A classifier predicts a categorical target variable while a regressor predicts a continuous response variable. Can we fit a regressor as a classifier? Let’s find out.

Experiment

Create the dataset

Create a dataset with the sklearn make_classification() method. We create a dataset which is not too challenging so as not to introduce any extraneous factors into our experiment.

 1
 2
 3
 4
 5
 6
 7
 8
 9
10
11
12
13
14
15
16
17
18
19
20
21
22
from sklearn.datasets import make_classification
from sklearn.linear_model import LinearRegression
from sklearn.linear_model import LogisticRegression
from sklearn.model_selection import train_test_split
import seaborn as sns
import matplotlib.pyplot as plt
from sklearn import svm

# Create dataset
X,y = make_classification(n_samples=1000,n_features=2,n_informative=2,
                          n_redundant=0, n_repeated=0, class_sep=2.0,
                          flip_y=0.5,
                          weights=[0.6,0.4],
                          random_state=None)

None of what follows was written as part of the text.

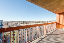 Welcome to Hollyburn Towers, an eight-storey concrete high-rise. This top-floor one-bedroom, one-bathroom unit offers an open floor plan and a large east-facing balcony with city views. The kitchen includes a fridge, stove, and built-in dishwasher. The building features two elevators, outdoor visitor parking, an on-site property manager, and active strata management. Rental of one strata condo, parking, and strata laundry provides continuous income for owners. Located within walking distance to the light rail and bus hub, and with easy access to schools, shopping, and major thoroughfares, this unit is well-suited for working professionals or investors seeking strong rental potential. Underground heated parking is available for rent.

sns.scatterplot(x=X[:,0],y=X[:,1],hue=y)
plt.title("Generated Dataset")
plt.xlabel("$X_0$")
plt.ylabel("$X_1$")

plt.show()

Generated dataset

Fit the classifier

Fit the classifier using sklearn function LogisticRegression(). Split the data into training and testing sets and fit the classifier on the training set. Make the predictions using the test set.

23
24
25
26
27
28
29
30
31
32
33
34
clf = LogisticRegression()


X_train, X_test, y_train, y_test = train_test_split(X,y,test_size=0.4)

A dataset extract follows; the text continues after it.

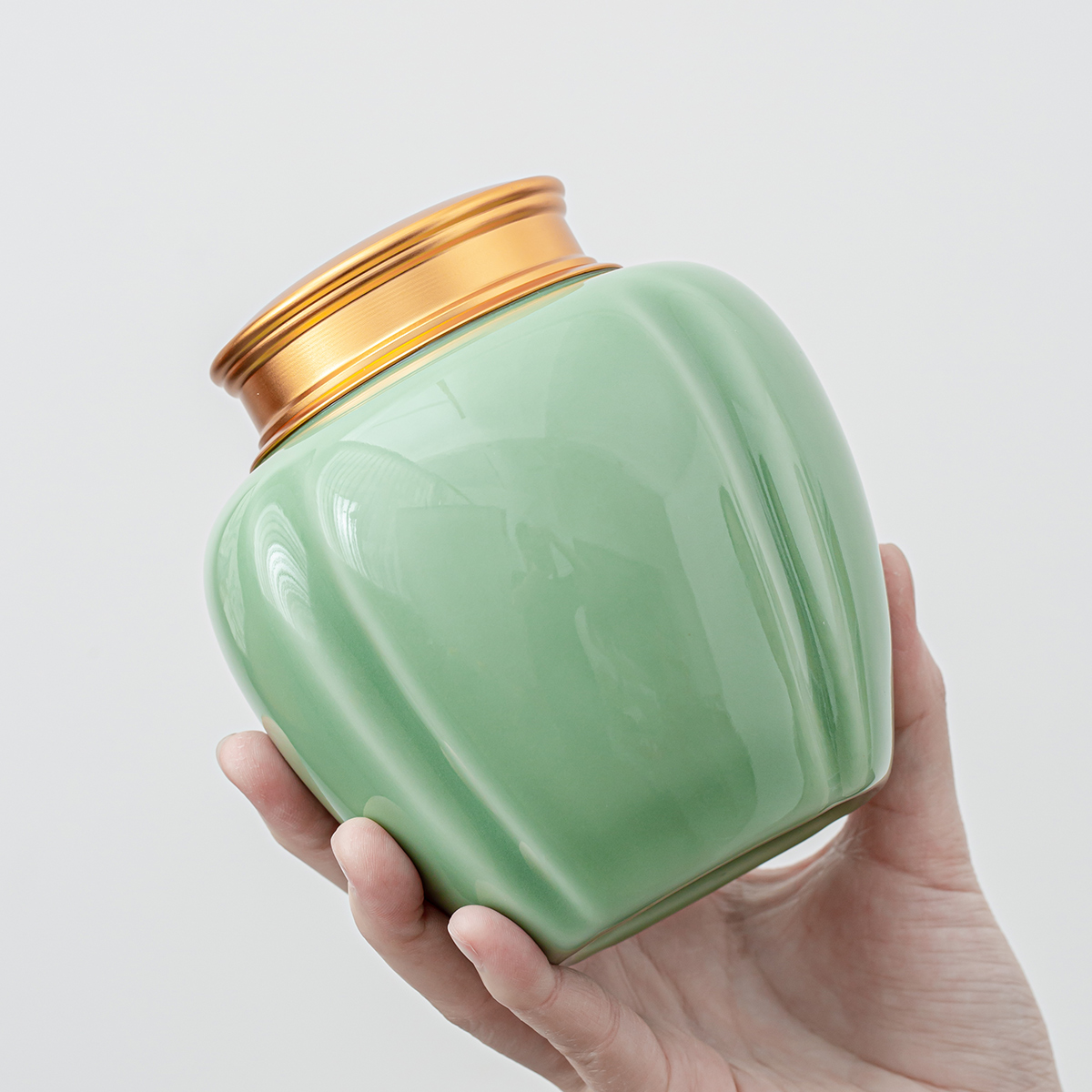 中式青瓷茶叶罐精品高档大号家用陶瓷储存罐防潮密封存茶罐高级感

# Training the model using the training set
clf.fit(X_train,y_train)

#accuracy = clf.score(X_test,y_test)

# Making the predictions using the test set.
y_pred_proba = clf.predict_proba(X_test)

Fit the regressor

Fit the regressor using sklearn function LinearRegression(). Use the train set for fitting the regressor and then move on to predicting the model using the test set.

35
36
37
38
39
40
41
regr = LinearRegression()

# Training the model using the training set
regr.fit(X_train,y_train)

# Making the predictions using the test set
y_pred = regr.predict(X_test)

Get the prediction probabilities and plot them

After we obtain the prediction probabilities for the classifier and the scores (predicted response variable) for the regressor, plot them against each other.

42
43
44
45
46
47
48
sns.scatterplot(x=y_pred, y=y_pred_proba[:,1],hue=y_test)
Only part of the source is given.